Records excerpted from a collection
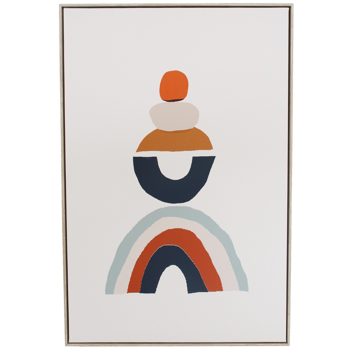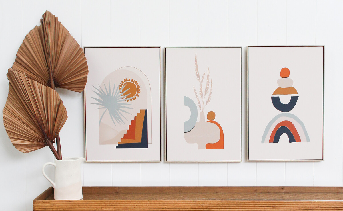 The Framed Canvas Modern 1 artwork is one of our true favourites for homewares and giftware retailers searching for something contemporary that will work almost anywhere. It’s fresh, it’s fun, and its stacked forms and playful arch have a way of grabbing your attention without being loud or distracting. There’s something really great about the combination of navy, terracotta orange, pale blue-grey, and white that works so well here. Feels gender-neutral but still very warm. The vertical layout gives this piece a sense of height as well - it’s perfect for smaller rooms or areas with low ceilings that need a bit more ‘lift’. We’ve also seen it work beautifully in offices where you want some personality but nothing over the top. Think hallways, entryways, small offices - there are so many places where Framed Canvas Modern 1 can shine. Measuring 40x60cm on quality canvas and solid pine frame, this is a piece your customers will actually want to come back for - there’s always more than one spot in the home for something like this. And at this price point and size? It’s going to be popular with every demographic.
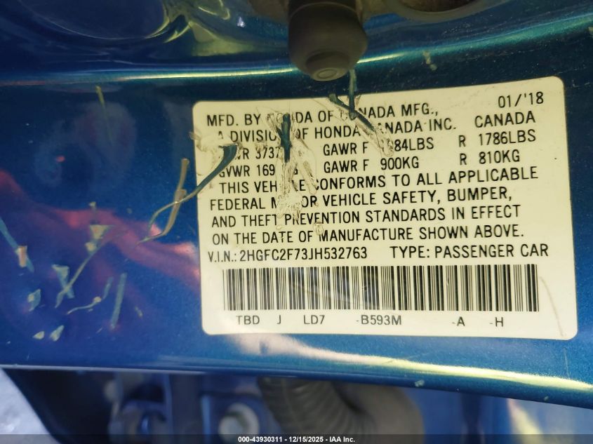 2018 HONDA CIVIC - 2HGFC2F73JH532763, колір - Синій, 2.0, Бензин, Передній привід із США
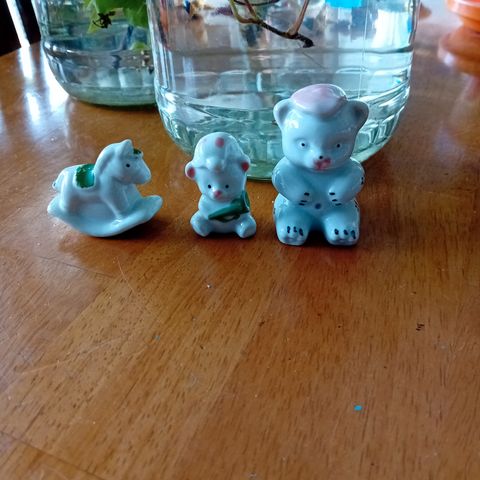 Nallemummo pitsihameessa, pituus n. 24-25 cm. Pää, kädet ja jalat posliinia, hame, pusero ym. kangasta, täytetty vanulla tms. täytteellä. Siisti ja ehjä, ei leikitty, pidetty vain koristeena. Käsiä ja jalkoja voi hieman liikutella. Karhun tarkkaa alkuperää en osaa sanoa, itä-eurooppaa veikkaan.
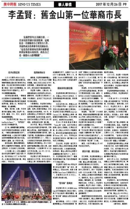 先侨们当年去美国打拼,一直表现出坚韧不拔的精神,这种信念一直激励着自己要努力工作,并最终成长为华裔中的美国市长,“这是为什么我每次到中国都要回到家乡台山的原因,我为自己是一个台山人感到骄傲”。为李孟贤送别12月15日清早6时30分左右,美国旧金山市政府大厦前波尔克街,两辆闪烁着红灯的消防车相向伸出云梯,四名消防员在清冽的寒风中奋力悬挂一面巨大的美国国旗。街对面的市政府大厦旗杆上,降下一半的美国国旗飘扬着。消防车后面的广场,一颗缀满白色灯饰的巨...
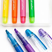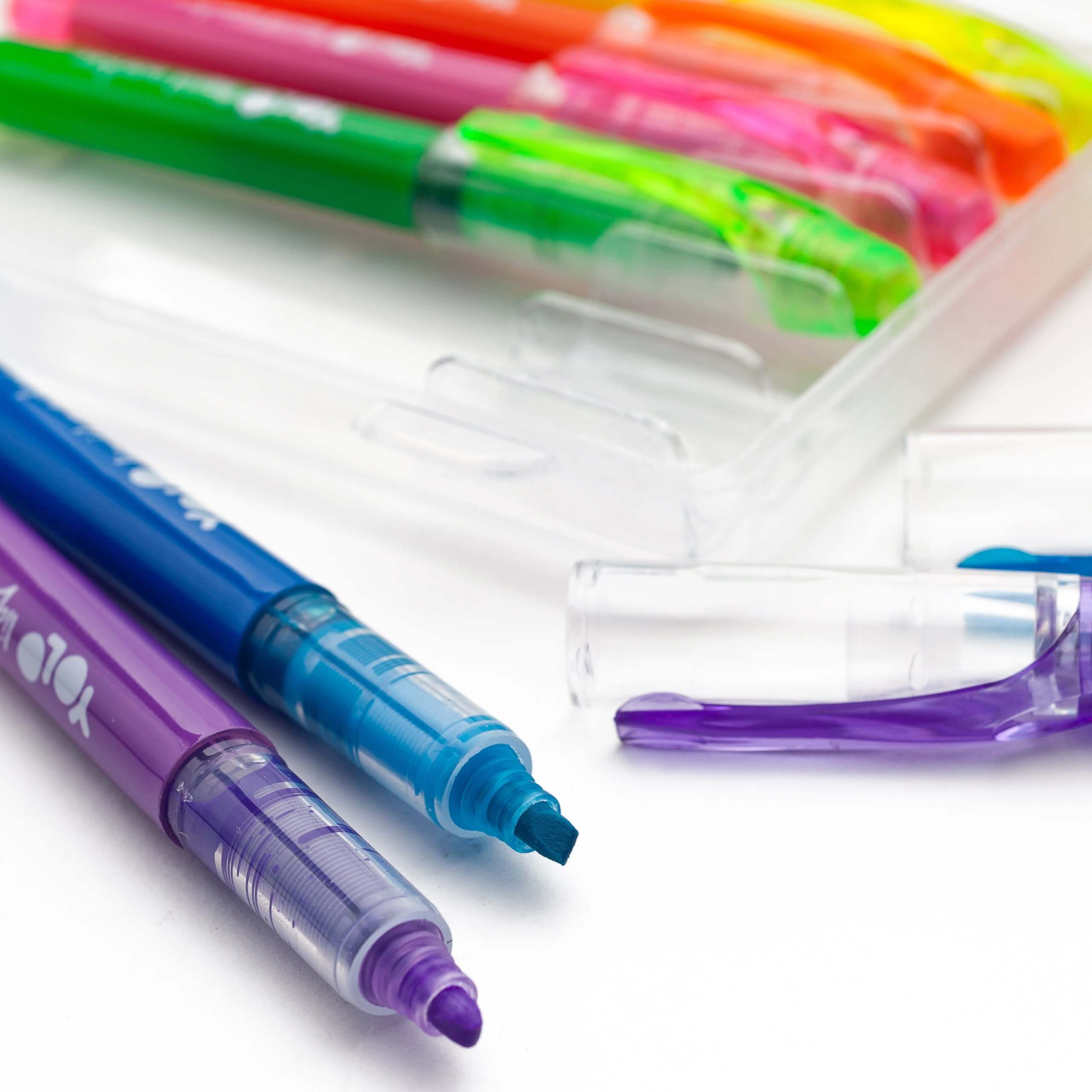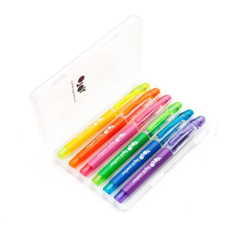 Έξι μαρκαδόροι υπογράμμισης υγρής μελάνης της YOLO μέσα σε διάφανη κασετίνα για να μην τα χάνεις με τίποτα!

TASK TO CARRY OUT:
Set down exactly, with no additions, each line from the line that includes "2018 HONDA CIVIC" to the final line of the entries above; leave pictures out.

REPLY:
 2018 HONDA CIVIC - 2HGFC2F73JH532763, колір - Синій, 2.0, Бензин, Передній привід із США
 Nallemummo pitsihameessa, pituus n. 24-25 cm. Pää, kädet ja jalat posliinia, hame, pusero ym. kangasta, täytetty vanulla tms. täytteellä. Siisti ja ehjä, ei leikitty, pidetty vain koristeena. Käsiä ja jalkoja voi hieman liikutella. Karhun tarkkaa alkuperää en osaa sanoa, itä-eurooppaa veikkaan.
 先侨们当年去美国打拼,一直表现出坚韧不拔的精神,这种信念一直激励着自己要努力工作,并最终成长为华裔中的美国市长,“这是为什么我每次到中国都要回到家乡台山的原因,我为自己是一个台山人感到骄傲”。为李孟贤送别12月15日清早6时30分左右,美国旧金山市政府大厦前波尔克街,两辆闪烁着红灯的消防车相向伸出云梯,四名消防员在清冽的寒风中奋力悬挂一面巨大的美国国旗。街对面的市政府大厦旗杆上,降下一半的美国国旗飘扬着。消防车后面的广场,一颗缀满白色灯饰的巨...
 Έξι μαρκαδόροι υπογράμμισης υγρής μελάνης της YOLO μέσα σε διάφανη κασετίνα για να μην τα χάνεις με τίποτα!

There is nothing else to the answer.